(Data for this exercise)
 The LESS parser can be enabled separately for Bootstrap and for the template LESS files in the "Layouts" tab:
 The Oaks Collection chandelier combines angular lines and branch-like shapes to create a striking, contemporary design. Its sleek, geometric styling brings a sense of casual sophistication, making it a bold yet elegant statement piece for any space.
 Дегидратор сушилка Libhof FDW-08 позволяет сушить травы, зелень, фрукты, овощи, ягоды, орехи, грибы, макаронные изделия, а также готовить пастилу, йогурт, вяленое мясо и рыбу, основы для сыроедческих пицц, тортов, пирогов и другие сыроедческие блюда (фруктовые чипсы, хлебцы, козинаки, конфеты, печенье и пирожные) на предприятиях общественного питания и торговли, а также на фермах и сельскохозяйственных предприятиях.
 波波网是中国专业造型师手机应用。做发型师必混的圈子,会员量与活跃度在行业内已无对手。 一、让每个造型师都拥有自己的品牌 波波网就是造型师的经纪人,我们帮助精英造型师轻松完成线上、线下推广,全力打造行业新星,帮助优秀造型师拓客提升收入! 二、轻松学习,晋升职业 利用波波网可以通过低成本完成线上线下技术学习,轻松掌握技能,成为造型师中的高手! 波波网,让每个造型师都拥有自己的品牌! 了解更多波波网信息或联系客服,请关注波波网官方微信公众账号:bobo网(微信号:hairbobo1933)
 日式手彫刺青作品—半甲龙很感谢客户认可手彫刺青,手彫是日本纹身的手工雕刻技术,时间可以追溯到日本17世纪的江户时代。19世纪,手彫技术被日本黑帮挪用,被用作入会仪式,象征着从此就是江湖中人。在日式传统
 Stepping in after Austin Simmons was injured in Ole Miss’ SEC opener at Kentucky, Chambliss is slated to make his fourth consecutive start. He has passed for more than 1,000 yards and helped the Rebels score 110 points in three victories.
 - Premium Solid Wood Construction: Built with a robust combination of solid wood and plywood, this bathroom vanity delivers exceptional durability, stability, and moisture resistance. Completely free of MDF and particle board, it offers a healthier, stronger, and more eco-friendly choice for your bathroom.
(End Data for this exercise)
Problem to work on: The whole listing needs repeating. Match each line exactly.

Reply:
 The LESS parser can be enabled separately for Bootstrap and for the template LESS files in the "Layouts" tab:
 The Oaks Collection chandelier combines angular lines and branch-like shapes to create a striking, contemporary design. Its sleek, geometric styling brings a sense of casual sophistication, making it a bold yet elegant statement piece for any space.
 Дегидратор сушилка Libhof FDW-08 позволяет сушить травы, зелень, фрукты, овощи, ягоды, орехи, грибы, макаронные изделия, а также готовить пастилу, йогурт, вяленое мясо и рыбу, основы для сыроедческих пицц, тортов, пирогов и другие сыроедческие блюда (фруктовые чипсы, хлебцы, козинаки, конфеты, печенье и пирожные) на предприятиях общественного питания и торговли, а также на фермах и сельскохозяйственных предприятиях.
 波波网是中国专业造型师手机应用。做发型师必混的圈子,会员量与活跃度在行业内已无对手。 一、让每个造型师都拥有自己的品牌 波波网就是造型师的经纪人,我们帮助精英造型师轻松完成线上、线下推广,全力打造行业新星,帮助优秀造型师拓客提升收入! 二、轻松学习,晋升职业 利用波波网可以通过低成本完成线上线下技术学习,轻松掌握技能,成为造型师中的高手! 波波网,让每个造型师都拥有自己的品牌! 了解更多波波网信息或联系客服,请关注波波网官方微信公众账号:bobo网(微信号:hairbobo1933)
 日式手彫刺青作品—半甲龙很感谢客户认可手彫刺青,手彫是日本纹身的手工雕刻技术,时间可以追溯到日本17世纪的江户时代。19世纪,手彫技术被日本黑帮挪用,被用作入会仪式,象征着从此就是江湖中人。在日式传统
 Stepping in after Austin Simmons was injured in Ole Miss’ SEC opener at Kentucky, Chambliss is slated to make his fourth consecutive start. He has passed for more than 1,000 yards and helped the Rebels score 110 points in three victories.
 - Premium Solid Wood Construction: Built with a robust combination of solid wood and plywood, this bathroom vanity delivers exceptional durability, stability, and moisture resistance. Completely free of MDF and particle board, it offers a healthier, stronger, and more eco-friendly choice for your bathroom.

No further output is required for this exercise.